Think of it as a version control for your database schema. You commit each schema change to it, and it will be able to go forwards/backwards on the schema versions. That way you can upgrade a client and it will know exactly which set of changes to apply on that client's database.

It does what S.Lott proposes in his answer, automatically for you. Makes a hard thing easy.

Share:
30,657
kabdulla
Author by

kabdulla

Updated on July 08, 2022

Comments

  • kabdulla
    kabdulla almost 2 years

    I'm programming a web application using sqlalchemy. Everything was smooth during the first phase of development when the site was not in production. I could easily change the database schema by simply deleting the old sqlite database and creating a new one from scratch.

    Now the site is in production and I need to preserve the data, but I still want to keep my original development speed by easily converting the database to the new schema.

    So let's say that I have model.py at revision 50 and model.py a revision 75, describing the schema of the database.
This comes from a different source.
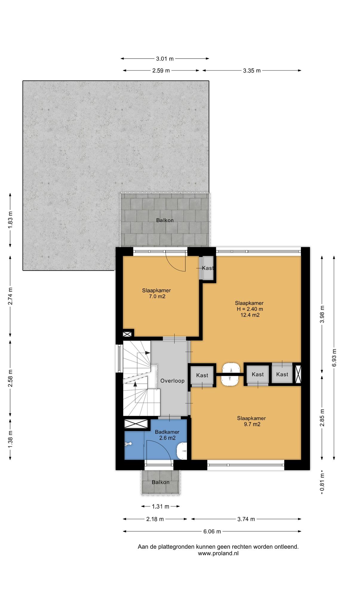 overloop, 3 slaapkamers (resp. 7, 10 en 12 m2) alle drie met vaste kasten en twee met wastafel en de derde slaapkamer met deur naar het platdak, badkamer met douche, wastafel en deur naar het balkon.

Between those two schema most changes are trivial, for example a new column is declared with a default value and I just want to add this default value to old records.
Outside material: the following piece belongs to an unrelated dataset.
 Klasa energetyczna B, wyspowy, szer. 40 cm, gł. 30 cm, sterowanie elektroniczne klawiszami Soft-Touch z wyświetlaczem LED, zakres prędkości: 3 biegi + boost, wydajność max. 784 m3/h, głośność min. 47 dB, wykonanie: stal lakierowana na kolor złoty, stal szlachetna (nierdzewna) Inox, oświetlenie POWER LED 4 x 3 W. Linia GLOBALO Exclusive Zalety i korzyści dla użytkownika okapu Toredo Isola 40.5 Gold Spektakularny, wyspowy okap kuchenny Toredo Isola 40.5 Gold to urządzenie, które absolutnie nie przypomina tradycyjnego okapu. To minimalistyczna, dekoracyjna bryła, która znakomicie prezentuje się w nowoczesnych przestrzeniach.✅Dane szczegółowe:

    Eventually a few changes may not be trivial and require some pre-computation.

    How do (or would) you handle fast changing web applications with, say, one or two new version of the production code per day ?

    By the way, the site is written in Pylons if this makes any difference.

  • Rick
    Rick over 13 years
    Just to comment, this is a horrible practice in the real world. It forces me to check the database vs the code for all kinds of settings like lengths allowed on strings, etc. I don't get any autocomplete or source checks from my IDE. I really discourage people from going all reflective in any project. It's just a mess to work with.
  • vonPetrushev
    vonPetrushev over 13 years
    "all kinds of settings like lengths allowed on strings" - can you elaborate on this? What kinds of settings? And, just because you don't get any autocomplete in ide doesn't mean that the approach is wrong. After all, we are dealing with python - not java/c++.
  • vonPetrushev
    vonPetrushev over 13 years
    Also, i have apps 'in the real world' that work with db reflection. With complex ERs. It's not that messy for me.
  • Rick
    Rick over 13 years
    If you have a field name on a model and I'm working on code and see person.name = 'really long string' and I want to check out what is the max length of name, I have to load up the db to go look because it's not going to be in my model as person = Column(Unicode(100))
  • vonPetrushev
    vonPetrushev over 13 years
    You don't have to 'load up the db' - (I don't know what exactly this means but you don't have to do it). After the reflection of the schema, all the info you need is stored in the metadata reflected with sqlalchemy. Specifically, to get the length of the column you need this: length = metadata.tables['tablename']._columns._data[u'columnname'].t‌​ype.length. metadata being previously reflected of course. Note that this not call introspection to the db again - it is already stored.
  • Dexter
    Dexter over 11 years
    I agree but it's a bit difficult to get it working with your flask app. I think that new code 'flask-alembic' is what I need to test out. Check this problem: stackoverflow.com/questions/14682466/…
  • Dexter
    Dexter over 11 years
    How do you define a major schema change? Is adding a table / new-model considered a major schema change even if compatibility didn't change? Do you rival firefox in version numbers? (joke)
  • Alan Hamlett
    Alan Hamlett over 11 years
    After running alembic init alembic and changing my db username & password in alembic.ini, I changed my alembic/env.py to this: gist.github.com/alanhamlett/4721073 That was all that was needed to get alembic working with my flask app. Hope it helps.
  • Dexter
    Dexter over 11 years
    my problem is that I can't do line 10 in your gist code. I can't import my models or my "db" variable. It won't let me do it in env.py.
  • radix07
    radix07 almost 9 years
    Had a similar issue getting alembic to work. Line 8 and 9 from Alan's gist are very important and not really mentioned in the documentation. But you need to add the Project to the system path to allow alembic to access your models.